Sprecht ihr Mobbing an?

  • Ihr wisst ja, ich hab im vorherigen Studium mal Stützunterricht gegeben für Schüler.


    Dabei ist mir ein Fall doch sehr in Erinnerung geblieben. Die Schüler mobbten einen Jungen, den sie nicht leiden konnten.


    Ich hab das versucht zu bearbeiten und das auch weitergeleitet, aber es war sehr schwer, da ich nicht die ganze Klasse hatte und die Klassenlehrerin hatte leider mehr mit sich und ihrer Frisur zu tun, als irgendwie zu agieren.
    Der Gipfel war, dass sie sagte: "Na, so wie der aussieht, ist es kein Wunder, dass er gemobbt wird."
    Neudeutsch würde man dazu wohl sagen: Pädagogen fail.



    Sprecht ihr Mobbing gezielt an und bearbeit das oder leitet ihr das weiter?
    Hab von Schulen gehört, die sich diesen Mobbingexperten Carsten Stahl eingeladen haben, aber der Mensch ist ja doch sehr ausgeplant und oftmals hilft es ja schon Konflikte zeitnahe anzusprechen oder zu bearbeiten.


    Wie verfahrt ihr da?

  • Natürlich spreche ich Mobbing an. Je nachdem, welche Wünsche der Schüler äußert, spreche ich (wenn ich die Klasse kenne) mit den Schülern, leite ich es an den Klassenlehrer weiter oder informiere unsere Schulsozialarbeiterin. (Manchmal informiert auch die Klassenleitung die Schulsozialarbeiterin).
    Eine solche Aussage wie die der Kollegin gehen gar nicht :sauer:

  • Bei (echtem!) Mobbing einzugreifen, ohne dass man genau weiß, was zu tun ist, kann mehr Schaden anrichten, als es Nutzen bringt. Bei überschaubaren, kurzfristigen Formen bediehne mich des No-Blame-Approachs. Bei schwerwiegenden, langfristigen Fällen ziehe ich unsere Schulpsychologin hinzu, die das dann umfassend und wirklich professionell angeht.

    Dödudeldö ist das 2. Futur bei Sonnenaufgang.

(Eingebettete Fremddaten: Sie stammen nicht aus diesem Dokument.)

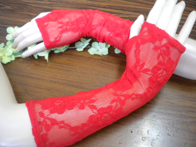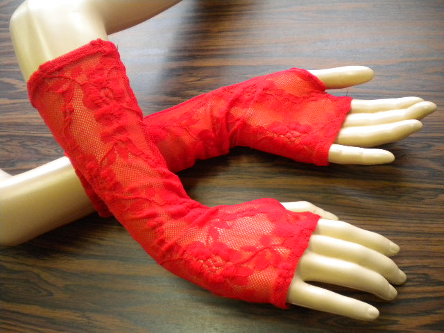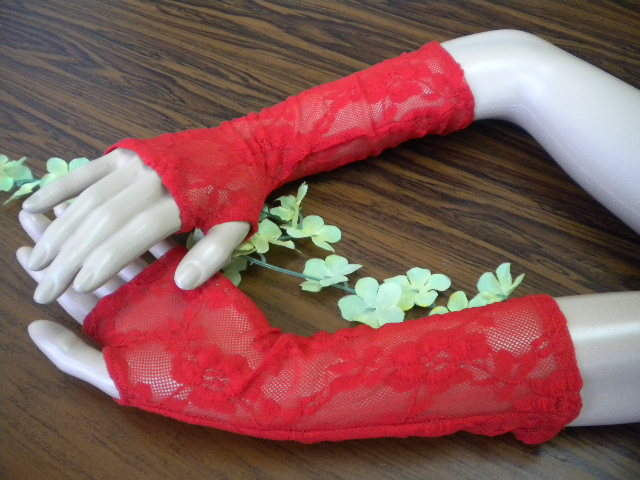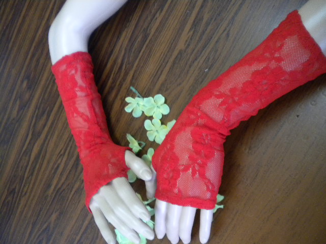 Червени дантелени ръкавели до лакътя ,
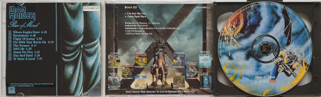 Limited edition features vinyl replica packaging of original gatefold double LP artwork. The enhanced CD comes with CD picture innersleeve, booklet, special tour booklet replica, promotional Rock in Rio advertisement and special Eddie coin sticker. Collecting and mailing six Eddie' stickers with $ 6.66 you got a special CD edition of the legendary 7" replica of "The SoundHouse Tapes".
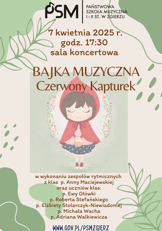 • 7 kwietnia 2025 r. o godz. 17:30 - Bajka Muzyczna "Czerwony Kapturek" - wystąpią zespoły rytmiczne oraz uczniowie klas naszych nauczycieli.

  • Das was du sagst ist interessant.
    Es gibt doch aber kein vorübergehendes Mobbing.
    Entweder ist es Mobbing oder nicht.


    Wie der Herr Stahl mal in einer TV Show sagte: "Ich halte nichts von Eingrenzungen und Menschen, die behaupten erst nach 3 Monaten ist es Mobbing. Dann darf ich jemandem theoretisch 2 Monate vors Schienbein treten und erst ab dem 3. Monat ist es Mobbing."

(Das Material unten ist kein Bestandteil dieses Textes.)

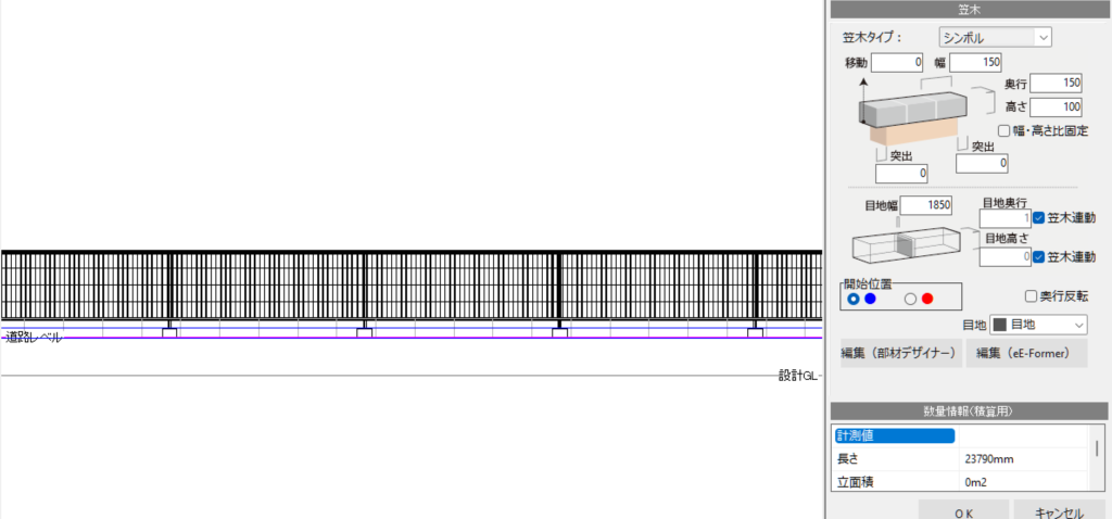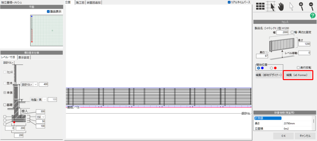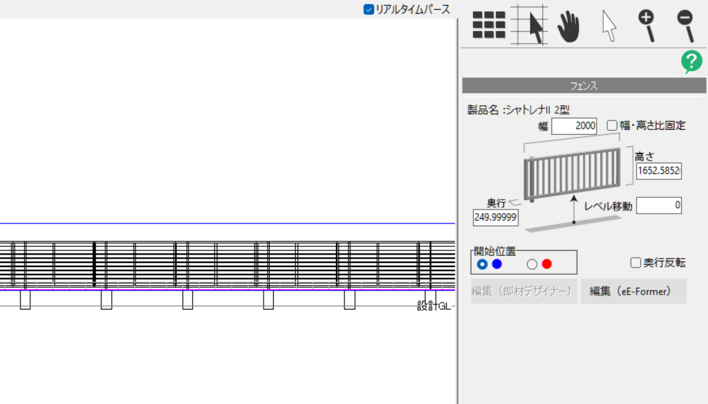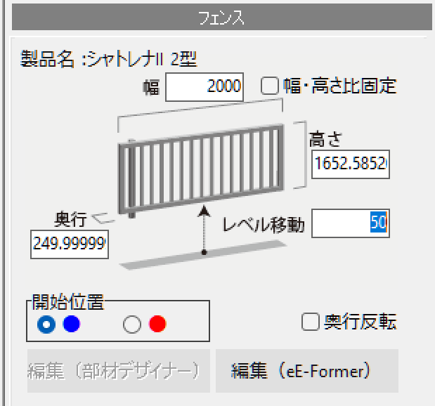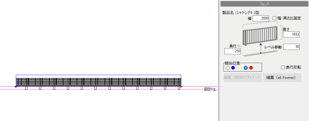 フェンスの詳細設定画面で平面図上のフェンスをクリックすると、右側に「編集(eE-Former)」が表示されるので、これをクリックします。

    Das was du meinst, sind doch dann eher kurzfristige Auseinandersetzungen.

  • ...die Klassenlehrerin hatte leider mehr mit sich und ihrer Frisur zu tun, als irgendwie zu agieren.
    Der Gipfel war, dass sie sagte: "Na, so wie der aussieht, ist es kein Wunder, dass er gemobbt wird."

    Kann ich mir so nur sehr schwer vorstellen. Mir ist noch keine Kollegin begegnet, die eine solche Einstellung hatte und so reagiert hätte. (Nach dem Motto: Mir ist meine Frisur wichtiger als meine pädagogische Aufgabe.)

  • Kann ich mir so nur sehr schwer vorstellen. Mir ist noch keine Kollegin begegnet, die eine solche Einstellung hatte und so reagiert hätte. (Nach dem Motto: Mir ist meine Frisur wichtiger als meine pädagogische Aufgabe.)

    Einer der Gründe, warum ich Lehrer geworden bin, ist die zweifelhafte, vergleichbare Einstellung meiner eigenen Lehrerinnen und Lehrer. Also ja, es gibt da sehr merkwürdige Gestalten!

  • Der ist unter anderem Anti-Agressions-Trainer, nebenbei auch Privatermittler (gewesen?), und war in der ein oder anderen Reality-Doku-Soap zu solchen Themen im TV zu sehen.


    Der hier ist gemeint: https://de.wikipedia.org/wiki/Carsten_Stahl

    Der Zyniker ist ein Schuft, dessen mangelhafte Wahrnehmung ihn Dinge sehen lässt wie sie sind, nicht wie sie sein sollten. (Ambrose Bierce)
    Die Grundlage des Glücks ist die Freiheit, die Grundlage der Freiheit aber ist der Mut. (Perikles)
    Wer mit beiden Füßen immer felsenfest auf dem Boden der Tatsachen steht, kommt keinen Schritt weiter. (Miss Jones)
    Wenn der Klügere immer nachgibt, haben die Dummen das Sagen - das Schlamassel nennt sich dann Politik (auch Miss Jones)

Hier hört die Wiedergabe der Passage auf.